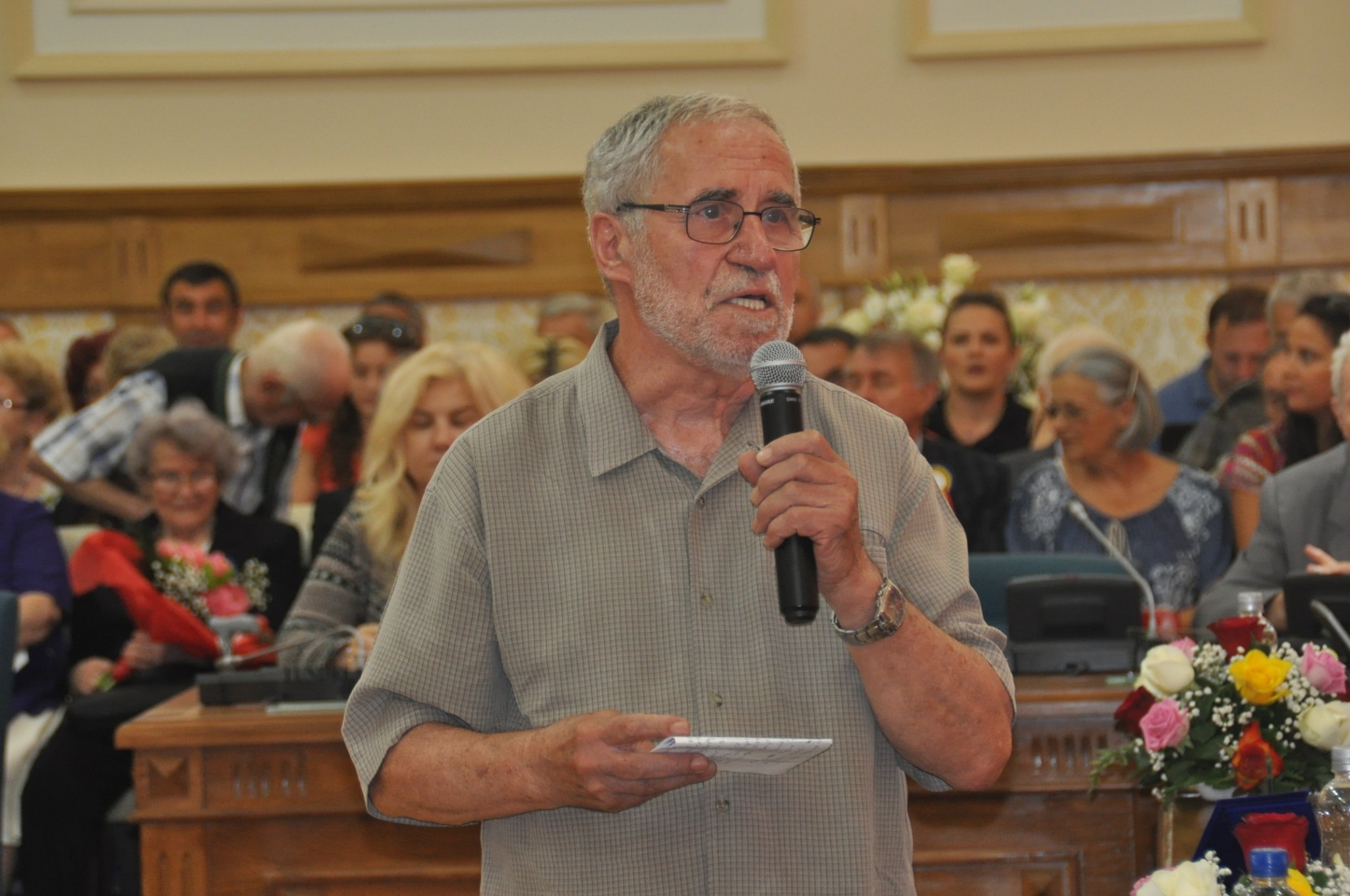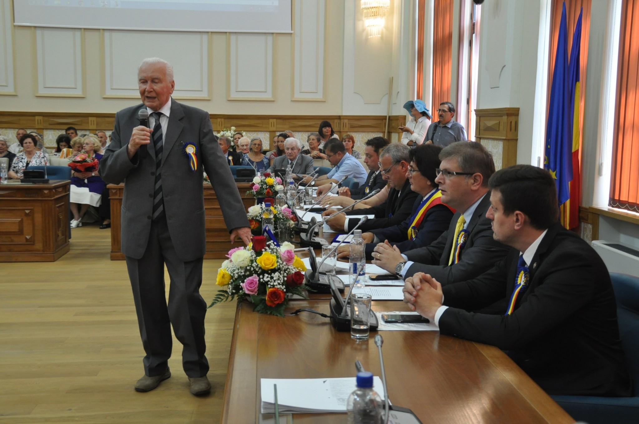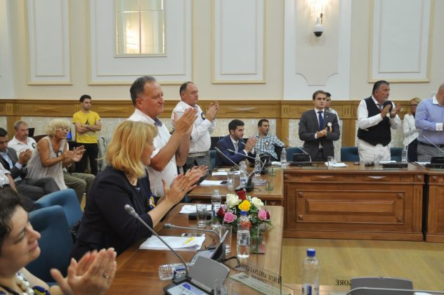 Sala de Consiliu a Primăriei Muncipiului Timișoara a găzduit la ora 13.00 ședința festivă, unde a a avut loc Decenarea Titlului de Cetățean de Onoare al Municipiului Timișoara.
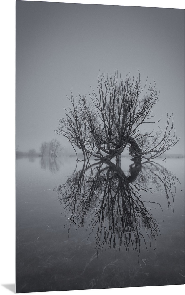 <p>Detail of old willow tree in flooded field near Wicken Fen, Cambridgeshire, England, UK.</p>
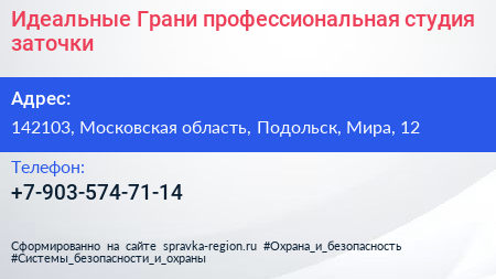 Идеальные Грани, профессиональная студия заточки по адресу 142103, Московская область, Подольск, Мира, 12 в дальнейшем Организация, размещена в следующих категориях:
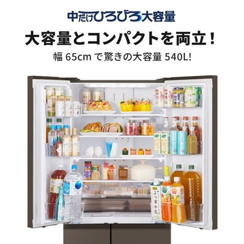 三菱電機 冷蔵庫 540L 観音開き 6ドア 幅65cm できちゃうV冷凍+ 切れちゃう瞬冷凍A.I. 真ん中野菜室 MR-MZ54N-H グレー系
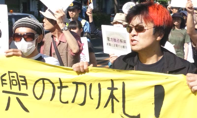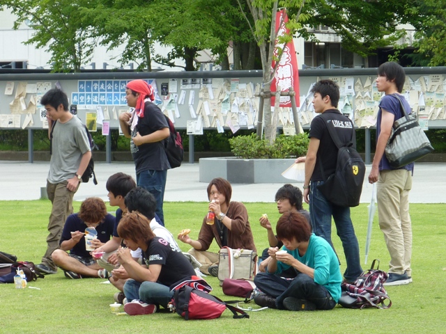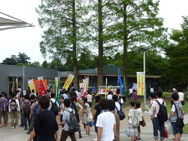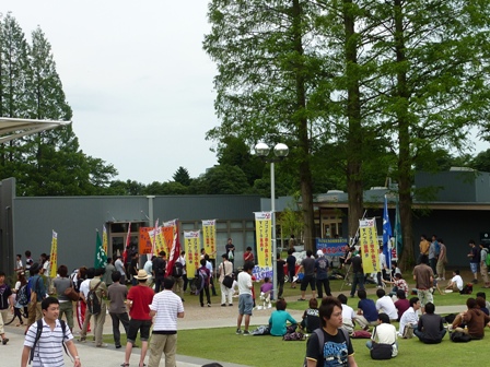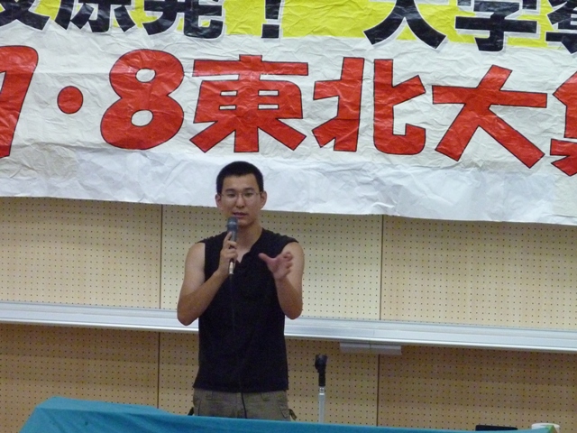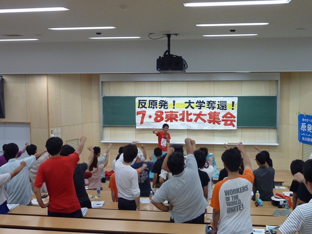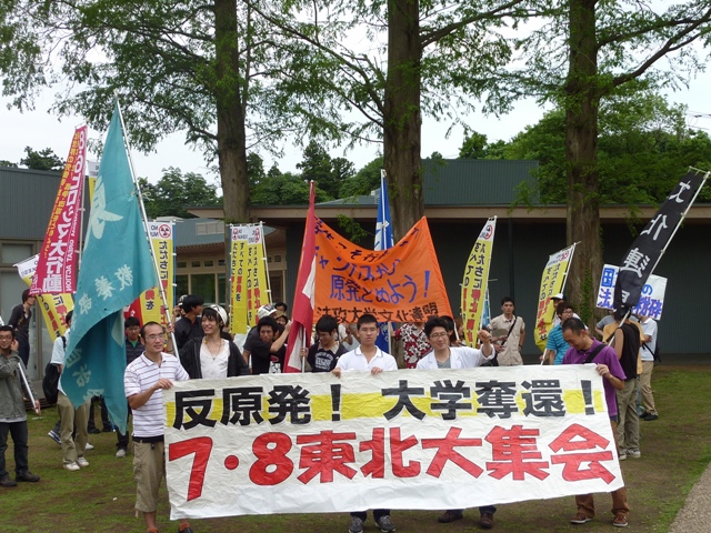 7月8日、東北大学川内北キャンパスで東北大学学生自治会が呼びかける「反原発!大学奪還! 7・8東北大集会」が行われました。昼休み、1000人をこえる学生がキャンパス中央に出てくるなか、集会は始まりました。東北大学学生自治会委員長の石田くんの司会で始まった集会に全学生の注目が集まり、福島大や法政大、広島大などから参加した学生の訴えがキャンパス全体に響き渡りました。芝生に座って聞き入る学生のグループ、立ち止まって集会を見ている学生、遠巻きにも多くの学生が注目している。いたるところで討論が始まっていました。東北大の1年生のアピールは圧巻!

********************

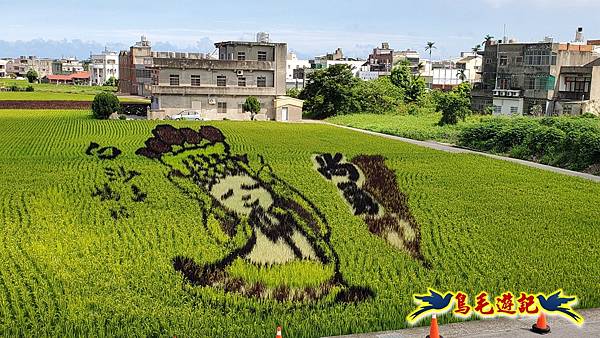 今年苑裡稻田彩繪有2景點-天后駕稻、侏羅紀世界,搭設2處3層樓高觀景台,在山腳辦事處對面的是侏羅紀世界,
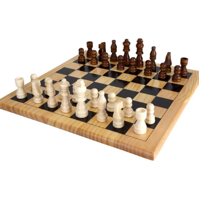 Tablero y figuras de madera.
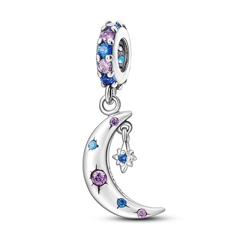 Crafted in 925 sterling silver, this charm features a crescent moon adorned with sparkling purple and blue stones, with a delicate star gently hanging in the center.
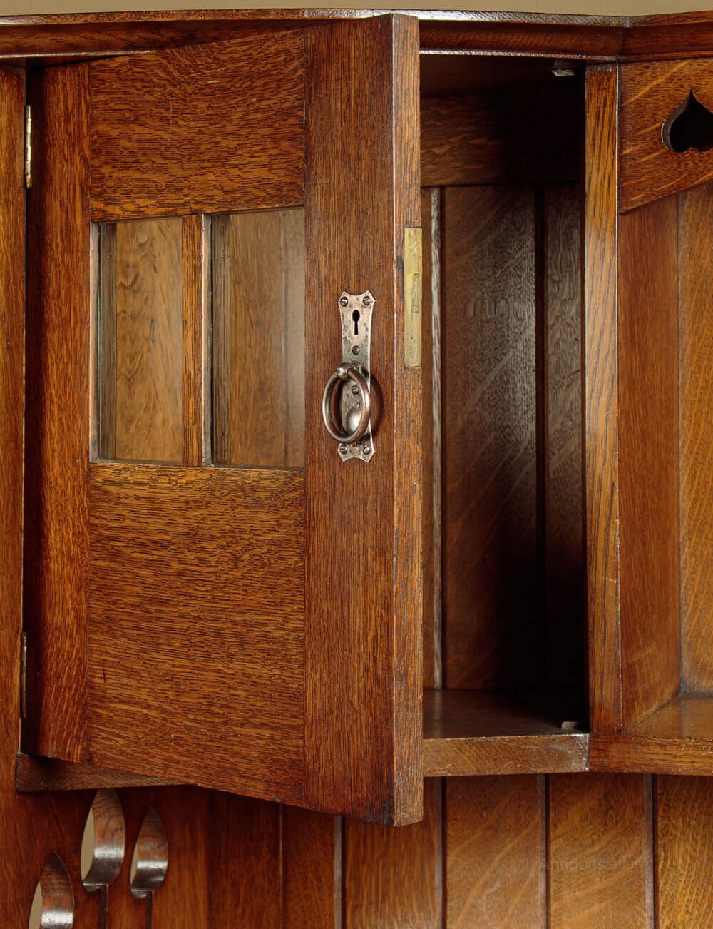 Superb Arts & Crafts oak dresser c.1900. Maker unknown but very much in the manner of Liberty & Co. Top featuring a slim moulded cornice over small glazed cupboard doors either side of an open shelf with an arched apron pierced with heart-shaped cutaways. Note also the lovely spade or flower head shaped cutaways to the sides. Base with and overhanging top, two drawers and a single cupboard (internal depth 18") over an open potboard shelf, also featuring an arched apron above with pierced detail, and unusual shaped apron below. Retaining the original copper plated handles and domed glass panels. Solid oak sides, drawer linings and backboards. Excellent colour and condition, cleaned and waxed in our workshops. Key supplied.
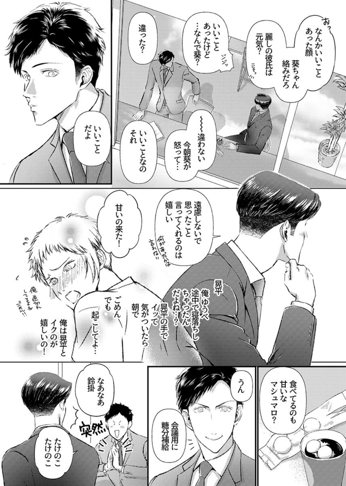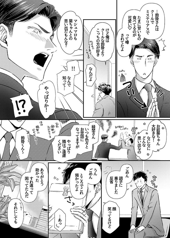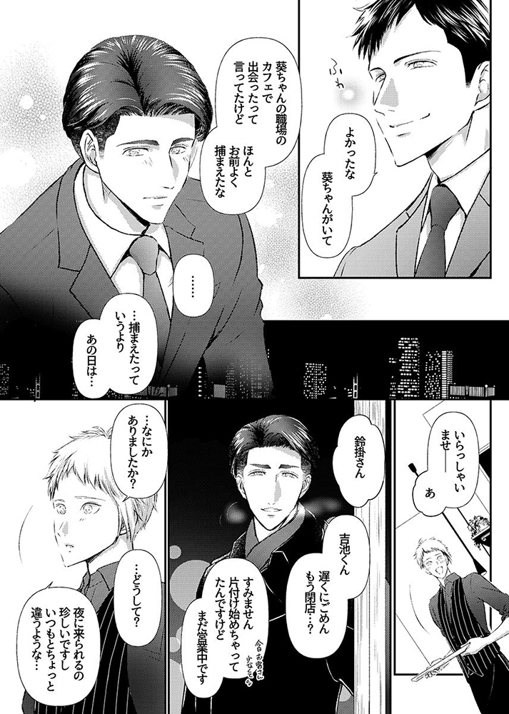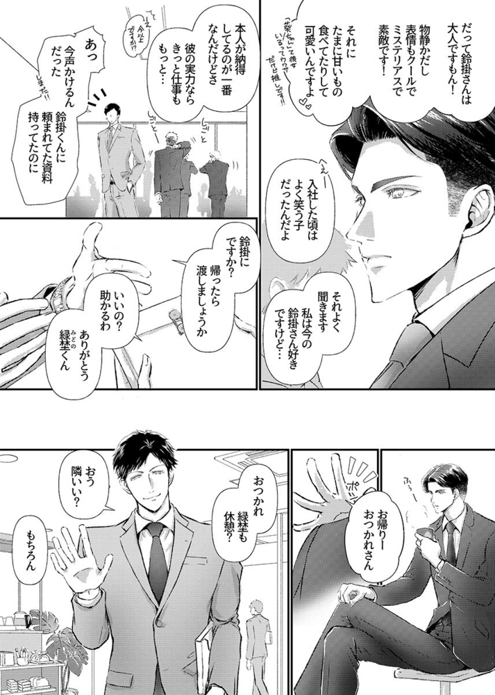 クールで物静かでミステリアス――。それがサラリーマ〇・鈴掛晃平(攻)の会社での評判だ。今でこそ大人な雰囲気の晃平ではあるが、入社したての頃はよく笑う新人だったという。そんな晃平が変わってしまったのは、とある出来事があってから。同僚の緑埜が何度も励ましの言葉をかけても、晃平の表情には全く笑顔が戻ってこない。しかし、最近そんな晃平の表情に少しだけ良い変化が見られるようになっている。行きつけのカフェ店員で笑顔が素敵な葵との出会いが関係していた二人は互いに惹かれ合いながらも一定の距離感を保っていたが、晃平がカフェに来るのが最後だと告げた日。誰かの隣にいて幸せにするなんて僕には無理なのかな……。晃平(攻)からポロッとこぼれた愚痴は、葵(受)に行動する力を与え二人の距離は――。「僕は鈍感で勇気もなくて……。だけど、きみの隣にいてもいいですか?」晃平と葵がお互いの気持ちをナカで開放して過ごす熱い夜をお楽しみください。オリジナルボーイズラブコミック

********************

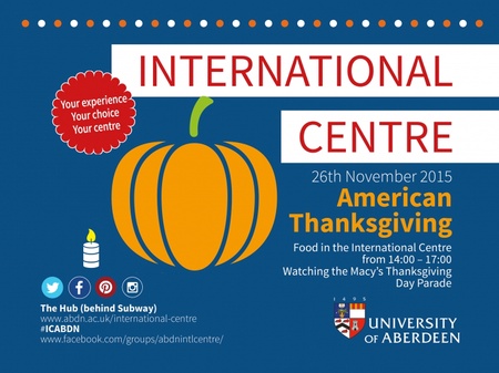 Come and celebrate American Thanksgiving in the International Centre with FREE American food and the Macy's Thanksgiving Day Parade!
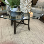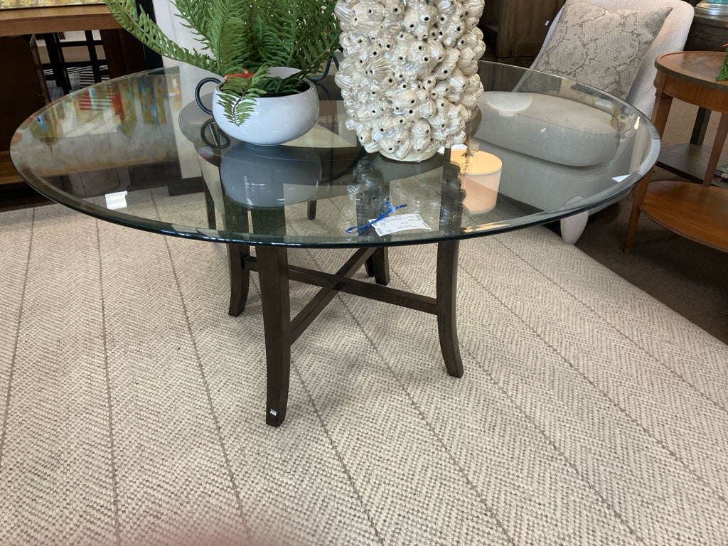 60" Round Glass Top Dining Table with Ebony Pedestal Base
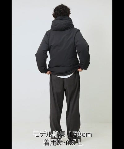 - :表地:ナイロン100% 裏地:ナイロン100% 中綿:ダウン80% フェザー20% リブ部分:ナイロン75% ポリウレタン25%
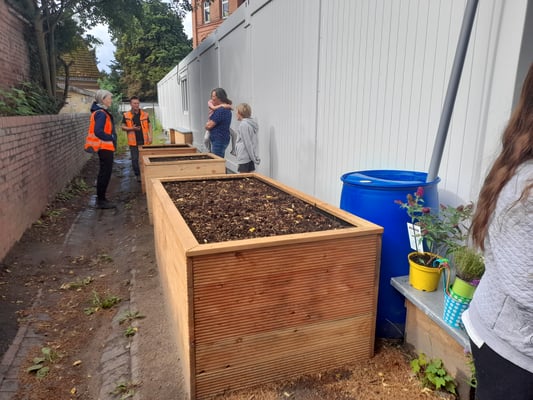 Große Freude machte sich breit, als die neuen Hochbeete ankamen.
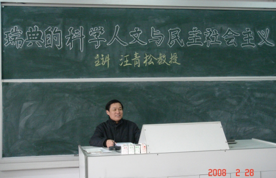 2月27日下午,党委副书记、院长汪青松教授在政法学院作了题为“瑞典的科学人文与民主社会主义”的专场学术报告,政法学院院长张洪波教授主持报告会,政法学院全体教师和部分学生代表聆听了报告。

********************

Goal of the exercise: Begin at the line in the entries above that has "- :表地:ナイロン100% 裏地:ナイロン100%", stop after the line that has "2月27日下午,党委副书记、", and output exactly those lines without pictures.

Solution to this exercise:
 - :表地:ナイロン100% 裏地:ナイロン100% 中綿:ダウン80% フェザー20% リブ部分:ナイロン75% ポリウレタン25%
 Große Freude machte sich breit, als die neuen Hochbeete ankamen.
 2月27日下午,党委副书记、院长汪青松教授在政法学院作了题为“瑞典的科学人文与民主社会主义”的专场学术报告,政法学院院长张洪波教授主持报告会,政法学院全体教师和部分学生代表聆听了报告。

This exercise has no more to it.